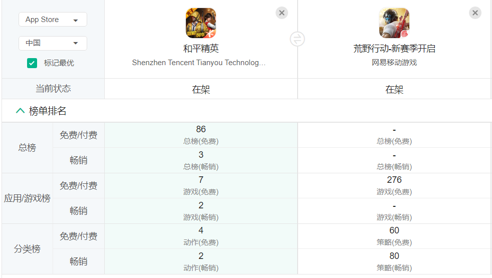 回顾2017-2019年间腾讯和网易的吃鸡大战。2017年,网易率先在《终结者 2》中加入吃鸡模式,然后推出荒野行动手游,占据了“吃鸡”赛道的先机,一度成为最受欢迎的吃鸡游戏;但2019年和平精英上线后凭借社交优势快速抢占了“吃鸡”赛道的用户和市场。截至2022年,和平精英一直维持在 IOS 畅销榜前五名,但荒野行动早已不见踪影。
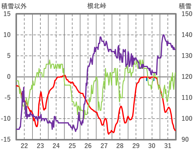 | 日 | 時 | 気温 | 降水 | 風向/風速 | 日照 | 積雪 | 降雪 |
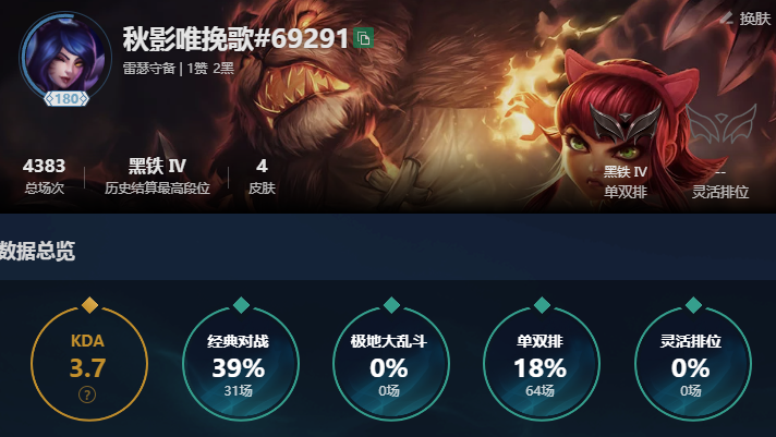 段位:180级 坚韧黑铁IV级 坚韧黑铁IV
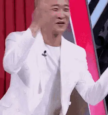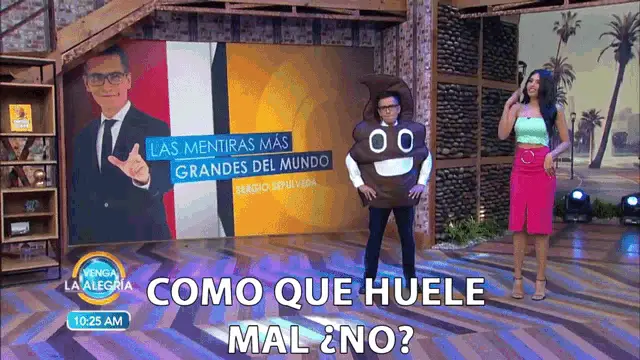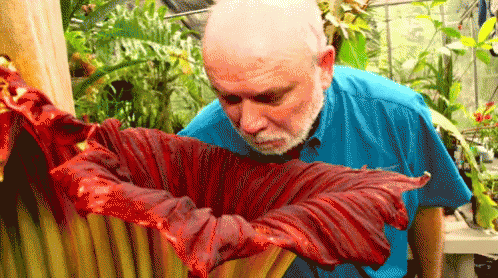 Bald man with a beard reacts strongly to the awful smell emanating from a large, red, stinky flower.
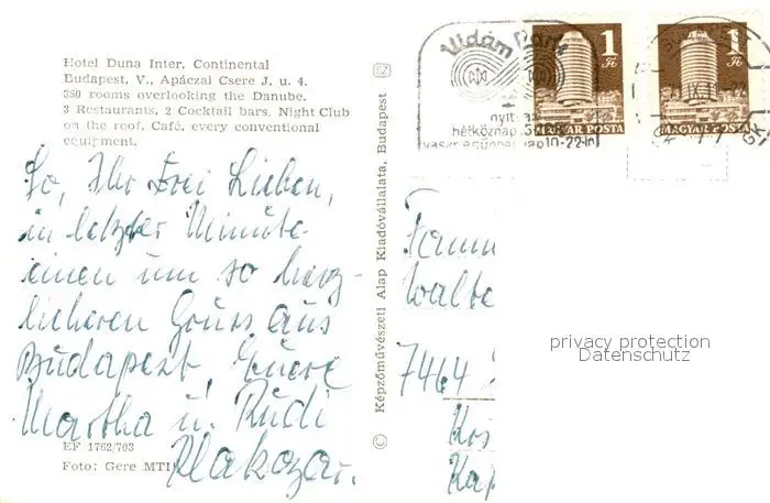 Budapest Hotel Duna Inter Continental Budapest postalisch gelaufen nach 1965 Erhaltung siehe scans [WerneD78] WernPID7
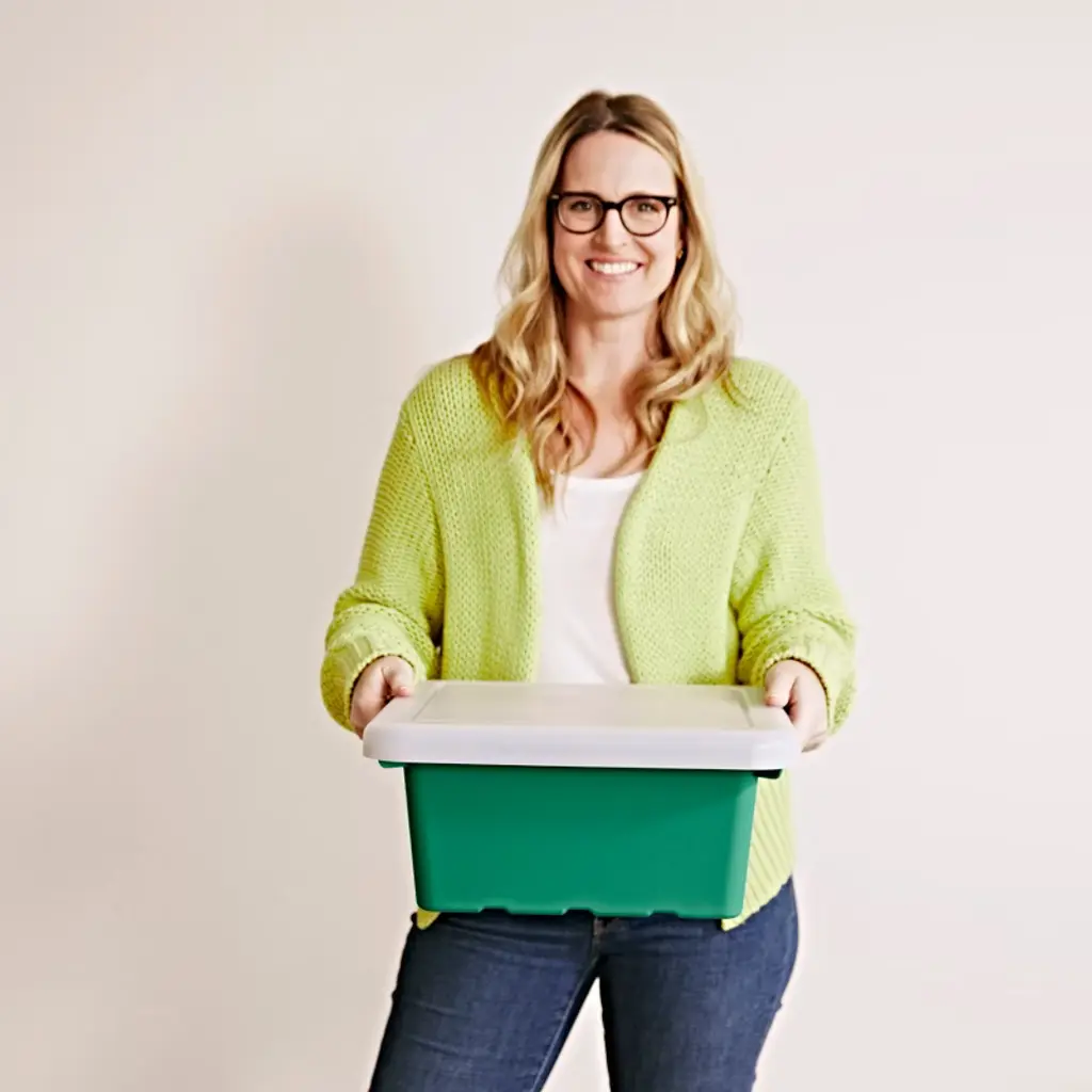 Ecr4kids Square Bin With Lid, Green, 2-pack
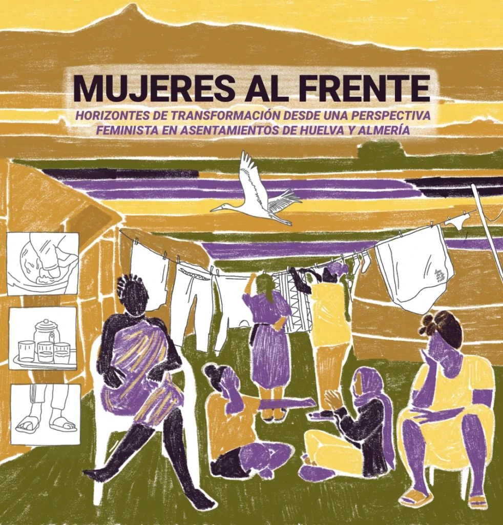 Ilustración de portada y de cuatro bloques (en el interior) del informe ‘Mujeres al frente. Horizontes de transformación desde una perspectiva feminista en asentamientos de Huelva y Almería’, para la organización Mujeres en Zonas de Conflicto (MZC). El informe se publicó a principios del 2025, en formato libro impreso.
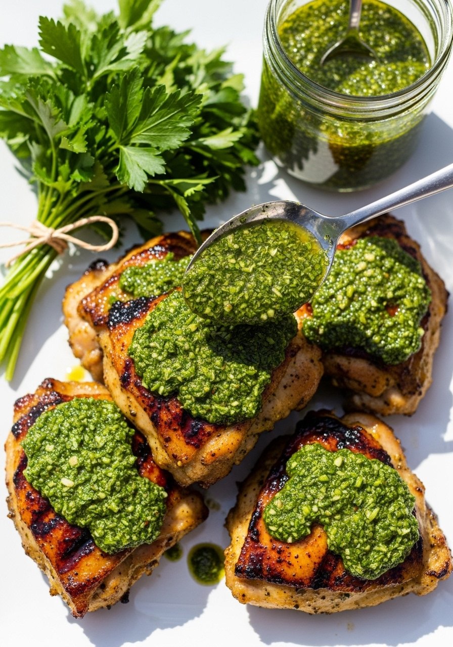 - Marinate thighs 30 minutes in half the chimichurri; reserve rest for serving.
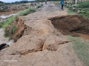 गिधोड़ा से शौगनी जाने वाली सड़क पर पुलिया धंसने से यातायात हुआ बाधित
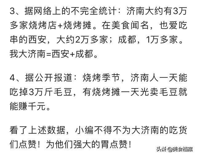 济南烧烤店林立,一年四季经久不衰,虽然经过“创卫”和“拆违”的双重洗礼,路边摊露天烧烤转室内,使济南烧烤元气大伤,但很多老品牌依然屹立不倒。回顾一下济南烧烤辉煌的历史数据:
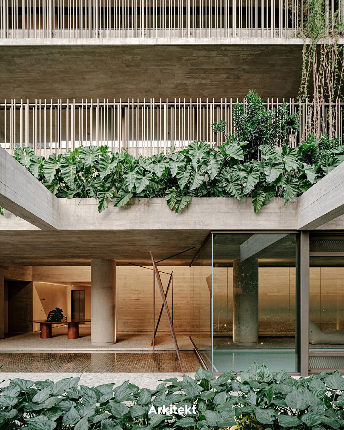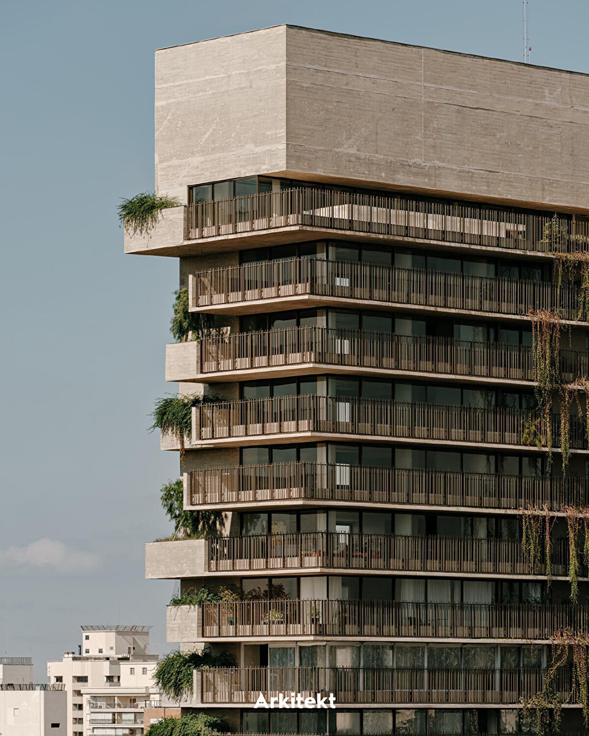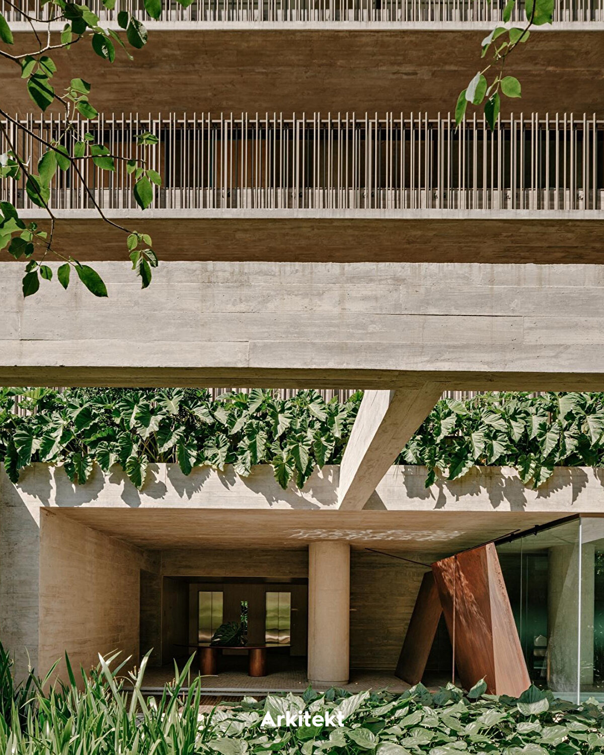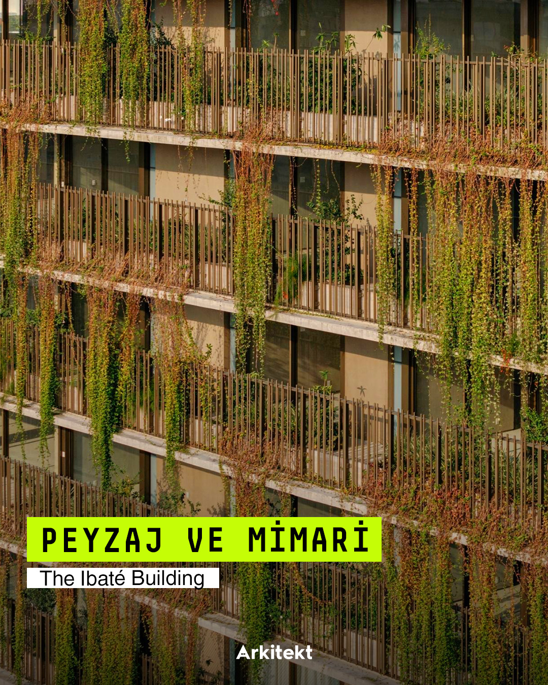 The Ibaté Building, Studio Arthur Casas tarafından 2025 yılında São Paulo'nun Vila Nova Conceição bölgesinde tasarlanıyor. Proje, dikey bahçe sistemini cephe tasarımının bir bileşeni olarak ele alarak yapının mikroklimatik konforunu ve çevresel performansını güçlendiriyor. Pigmentli ve nervürlü yüzeye sahip beton cephe boyunca konumlanan saksı modülleri, her katta farklı bir düzende yer alıyor. Bu sistem, bitkisel katmanların sürekliliğini sağlarken cepheye derinlik, gölgeleme ve doğal havalandırma sağlıyor.
______________________________
ACTION ITEM:
Only the lines from the first line of the data above through the line with "Ecr4kids Square Bin With Lid, Green, 2-pack" should appear in the answer, retyped exactly, with every picture left out.

EXERCISE OUTPUT:
 回顾2017-2019年间腾讯和网易的吃鸡大战。2017年,网易率先在《终结者 2》中加入吃鸡模式,然后推出荒野行动手游,占据了“吃鸡”赛道的先机,一度成为最受欢迎的吃鸡游戏;但2019年和平精英上线后凭借社交优势快速抢占了“吃鸡”赛道的用户和市场。截至2022年,和平精英一直维持在 IOS 畅销榜前五名,但荒野行动早已不见踪影。
 | 日 | 時 | 気温 | 降水 | 風向/風速 | 日照 | 積雪 | 降雪 |
 段位:180级 坚韧黑铁IV级 坚韧黑铁IV
 Bald man with a beard reacts strongly to the awful smell emanating from a large, red, stinky flower.
 Budapest Hotel Duna Inter Continental Budapest postalisch gelaufen nach 1965 Erhaltung siehe scans [WerneD78] WernPID7
 Ecr4kids Square Bin With Lid, Green, 2-pack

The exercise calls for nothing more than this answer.